Garbage Collection in BigTable

Hi GCP Community, I had a couple of questions regarding the Garbage collection process of the BigTable Service, hope someone could shed some lights at my doubts. Here are the 2 questions:

  1. If a row did not have any relationships with any column qualifiers (it means all cells related to that row were deleted or expired), will the row be deleted during the garbage collection process?
  2. If a column qualifier did not have any relationships with all rows (all cells in that column were deleted or expired), will the column be deleted during the garbage collection process?

I wish to know the answers to these questions so that I can better design BigTable for my use case.

0 2 646
2 REPLIES 2

Hi @schitiz,

Welcome to Google Cloud Community!

In Bigtable, when a row or a column qualifier no longer has any cells, it is considered to be "tombstoned" and will eventually be removed during the garbage collection process.

Regarding your first question, if a row did not have any relationships with any column qualifiers, it means that all cells in that row were deleted or expired, so the row will be tombstoned and eventually be removed during the garbage collection process.

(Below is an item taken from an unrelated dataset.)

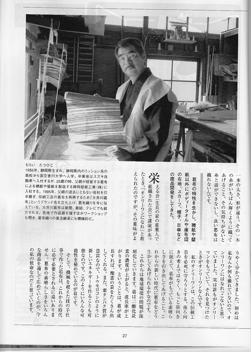 ■理想世界 2010年3月号 スペシャリストの熱き心 葛布にかける使命感 掲載雑誌メニュー Home掲載雑誌Top和樂ココラボ通信七緒チルチンびと26号チルチンびと20号光の泉掲載記事まとめ1掲載記事まとめ2七宝の塔掲載記事まとめ4美しいキモノ民芸の教科書花咲くnid2004キモノサロン2015すてきにハンドメイド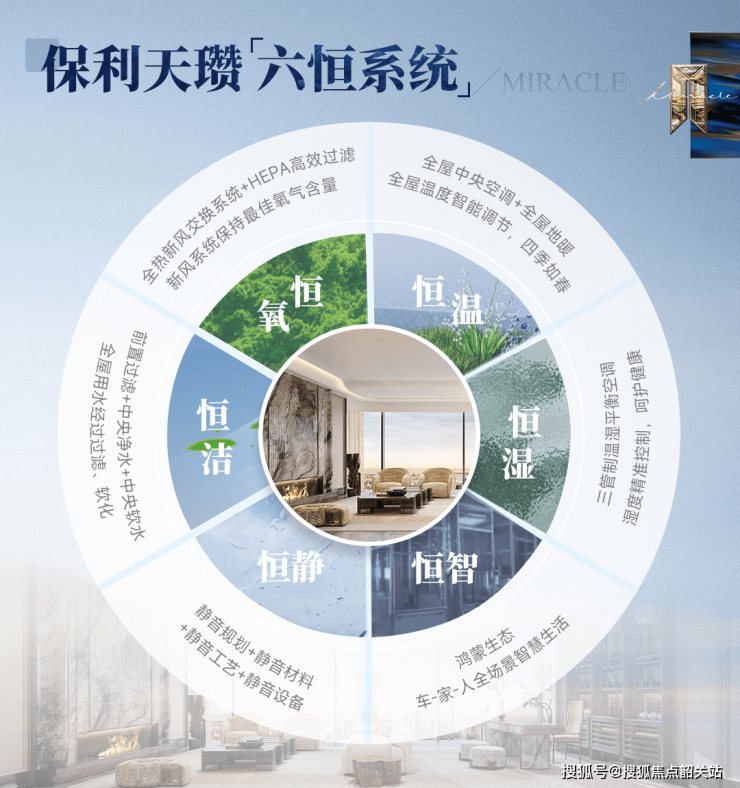 保利天瓒Golden 300的交标升级,是一场「看得见的极致」与「看不见的坚守」的双向奔赴。在看得见的材质与交标上,项目把匠心做到了极致,遍寻全球打造了一座“奢石博物馆”,涵盖稀有木饰面和奢石,让天然的纹理与质感成为空间美学的底色。全屋采用国际一线品牌矩阵,厨电选用欧洲皇家御用的瑞族,洁具五金采用高仪、唯宝等品牌,以耐用、舒适、适配岭南生活为核心。不止于表面材质的极致,Golden 300更把真金白银砸进了那些业主每天都能感受到的底层舒适上,即著名的六恒系统。这套系统从六个维度彻底重构室内居住微气候,将岭南气候的所有痛点从根源上化解,为业主提供一个四季如春、健康舒适的居住环境。

Regarding your second question, if a column qualifier did not have any relationships with all rows, it means that all cells in that column were deleted or expired, so the column will be tombstoned and eventually be removed during the garbage collection process.

It's important to note that the exact time at which a tombstoned row or column qualifier is removed during the garbage collection process is determined by a number of factors, including the overall load on the Bigtable cluster and the rate at which new data is being added.

Also, keep in mind that bigtable stores data in multiple versions, so when you delete the row or cell, the system won't actually remove the data , but mark it as deleted, and Garbage Collection will just remove those versions of data that are marked as deleted, this is how historical data can be restored and bring back the data if necessary.

In summary, if a row or column qualifier no longer has any cells, it will be tombstoned and eventually removed during the garbage collection process. Understanding this behavior is important when designing your Bigtable schema and when working with expired or deleted data.

Thank you

Hi, does the row's key and value(all cells) both get removed during garbage collection if i am using the age-based garbage policy for for example 30 days?